- WriteLn does not write correctly for widestring little endian, so I used Write only
I suspect that WriteLn() with no parameter is a major problem since without a hint associated with the file/stream it won't know how to encode the EOL.
I did think about it. I even wrote a function to check it. First before WriteLn writes the EOL it check the UTF16 data is big or little endian. Then it writes the proper EOL. The pseudocode is something like this
WriteLnUTF16(var F: TextFile; Buffer: WideString);
var
Index, Count: Integer;
isLittleEndian: Boolean;
CRLF: string;
begin
Count := 0;
for Index := 1 to Length(Buffer) do
if not(Odd(Index)) and (Buffer[Index] = #0) then
Inc(Count);
isLittleEndian := Count > (Length(Buffer) div 4;
case isLittleEndlian of
True: CRLF := #13#0#10#0;
False: CRLF := #0#13#0#10;
// .... do the writing
end;Although the solution isn't very accurate, but it should work for most cases, because:
It is also reliable to detect endianness by looking for null bytes, on the assumption that characters less than U+0100 are very common.

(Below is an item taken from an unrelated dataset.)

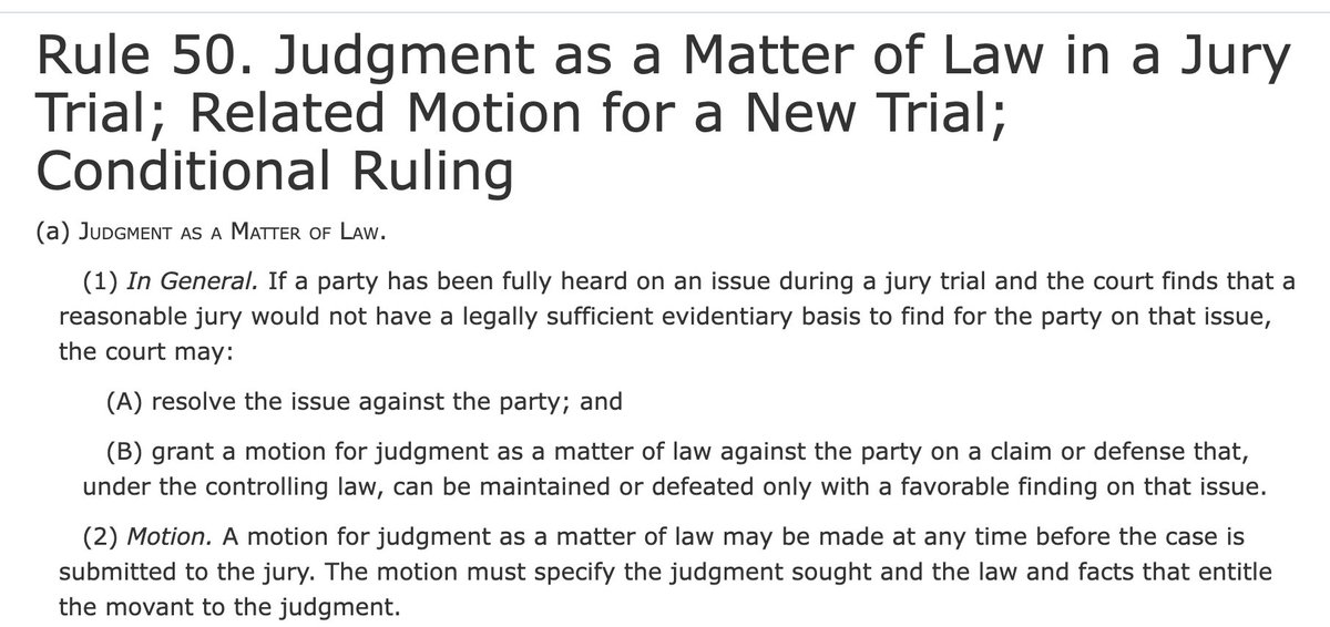 In federal civil trials, they're brought under Rule 50 in the Federal Rules of Civil Procedure. In federal criminal trial, they're brought under Rule 29 in the Federal Rules of Criminal Procedure. law.cornell.edu/rules/frcp/rul…

If more even bytes (starting at 0) are null, then it is big-endian.
Source:
https://en.wikipedia.org/wiki/UTF-16#Byte_order_encoding_schemesUnfortunately the code didn't work (on OP's Sample.txt). Because there were issues about ReadLn. Other possible solution is to introduce new WriteLn with an Endian parameter.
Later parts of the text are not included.